My Fears of Braking Bad
by Bruce • November 17, 2017 • LifeStuff • 0 Comments
It’s an odd anxiety.
It was probably exacerbated by the story about that actor guy it happened to a few years back.
For whatever reason, I often drive somewhere, park, and then get out of my truck and begin to walk away- and then I have to turn around and look and make sure the vehicle is not following me.
I am not absolutely sure where the idea originally came from, or why, but it pops up fairly frequently.
I walk away from my truck, and it tries to run me over.
I suppose it is in part because I question my brain at times, and the reliability of my memory.
The truck has a standard transmission, so whenever I quit driving it, I am responsible for setting its parking brake. And I do. I have followed the same unconscious routine thousands of times. I park the truck. I turn off the ignition. I set the parking brake.
I have missed the routine a few times though- and maybe that’s the reason for my fear. I’ve come out to the truck after being in the office or in a store and climbed in and reached out to release the parking brake, only to discover I did not set it.
Yes, we are on level ground most of the time.
But I’ve done it.
I have had one experience where my failure to brake did create a crazy moment.
It happened one weekend evening back in the early 90’s. I was at seminary at the time, and adjacent to the two dorm buildings that sat end to end on one side of campus was a large open gravel parking lot. It’s where we dorm residents parked.
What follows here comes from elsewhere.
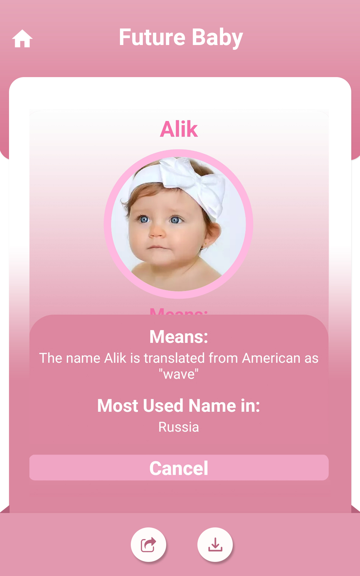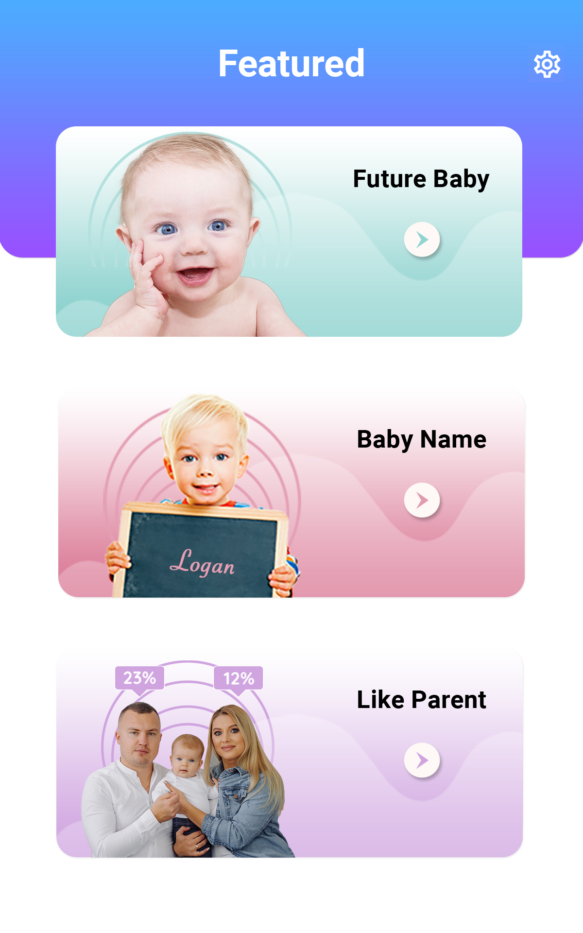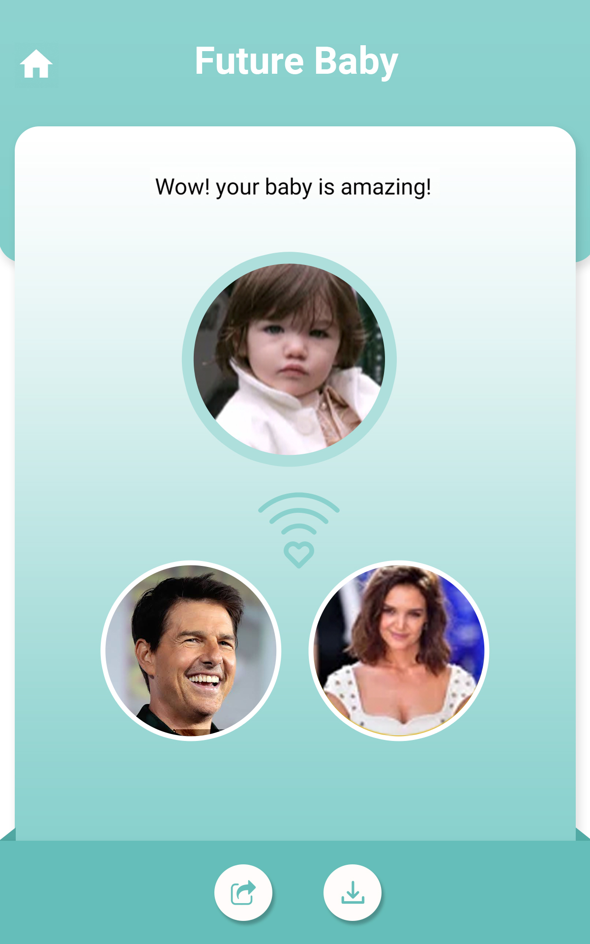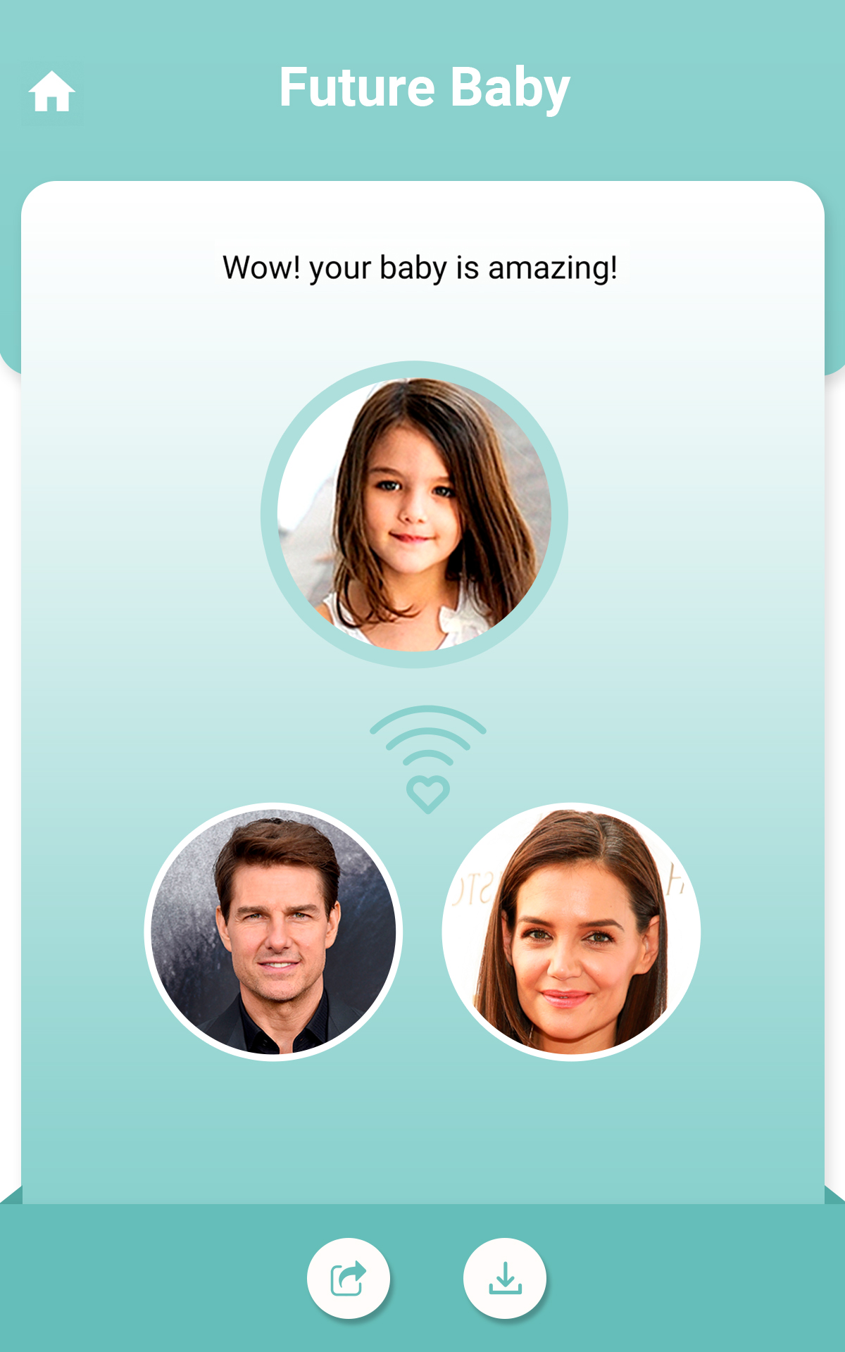 AI Baby Generator will predict your future baby face. Have you ever thought How will my baby look like? or What will my baby look like? If yes, then this application “Future Baby Generator” is perfect for you. Future Baby Generator uses advanced artificial intelligence (AI) algorithm. We use the newest facial recognition technologies to analyze faces of Mother and Father and generate an image of your cute baby. You can see the baby face with this Baby Maker app. App consists of 2 features:- 1- Future Baby Generator (Make a baby) You need to follow below steps for baby face generator. ◆ Choose photos of Father. ◆ Choose photos of Mother. ◆ Press on the “Check Future Baby” button and wait for a second. Future Baby Generator will use the artificial intelligence and make a baby for you. 2- Like Parent (Baby Maker percentage) You need to follow below steps to predict your child match percentage with Mom and Dad. ◆ Choose photos of Father. ◆ Choose photos of Mother. ◆ Choose photos of your cute baby. ◆ Press on the “Check Analyse Child” button and wait for a second. Baby Maker will use the artificial intelligence and analyse the percentage of Mom and Dad match with your baby. 3- Baby Name (Name of your cute baby) ◆ Press on the “Baby Name” button. ◆ You can check list of Baby Names. Origin of the Name and description so It will be easy for you to conclude your baby name. Future Baby Generator is now simple and you need to keep below points in mind to achieve the best results: ◆ The images are of high quality, good lighting condition. ◆ Face looking directly at the camera. ◆ Face without beard. ◆ Choose Future Baby’s skin tone. Find out how you and your partner's baby face can look like with this baby maker app!!! Try it with your boyfriend's/girlfriend's photo and amaze your partner and friends! Check it now this Baby Maker app and make a baby face for fun!!!

I had run to the store to pick up a few items, and I returned back on campus near 6 PM. I pulled into a space and grabbed my bag of groceries and opened the door and climbed out of the vehicle and closed the door and began walking towards my dorm. And then I hear the quiet sound of grinding gravel behind me, as if a car was coasting into the lot behind me. I turned around to see what was up, and then I realized what was happening.
The coasting car was my truck, rolling backwards out of its space.
Picking up speed.
And I was too far away from it to do anything quickly.
I watched in terror.
Fortunately, I had pulled into the parking space in a turn, and the truck’s front wheels were locked aiming to the right.
And, fortunately, the lot was, at this time on a Sunday evening, empty.
And, fortunately, the lot was pretty much a big empty field.
I watched my truck pick up speed as it retreated backwards and veered into a wide arc to the right. The lot dipped into a slight decline behind it, which means it would also provide opposition when the vehicle completed half a circle.
And after picking up sizable speed on the wide arc, I stood and watched as it then rolled backward into the incline, headed up the shallow rise, and was stopped by gravity, probably 100 feet from where I had parked it.
My heart racing, I ran over and climbed into it and drove it back to the spot I had originally put it in.
And made sure I set the emergency brake three times.
In reality, for me, that is probably where the anxiety started. How I ended up in an empty lot where my vehicle could not strike another car, well- perhaps that is providence. If I had left my steering set straight, my creeping car could have rolled off the lot and down a steep hillside into a ravine and some trees.
I was lucky.
Anyways, that is my story about how I came to fear being ran over by my truck.
And that’s why, whenever I park and get out of my truck, I often look back, just to make sure it’s not coming after me.
I often look back to make sure I am not braking bad.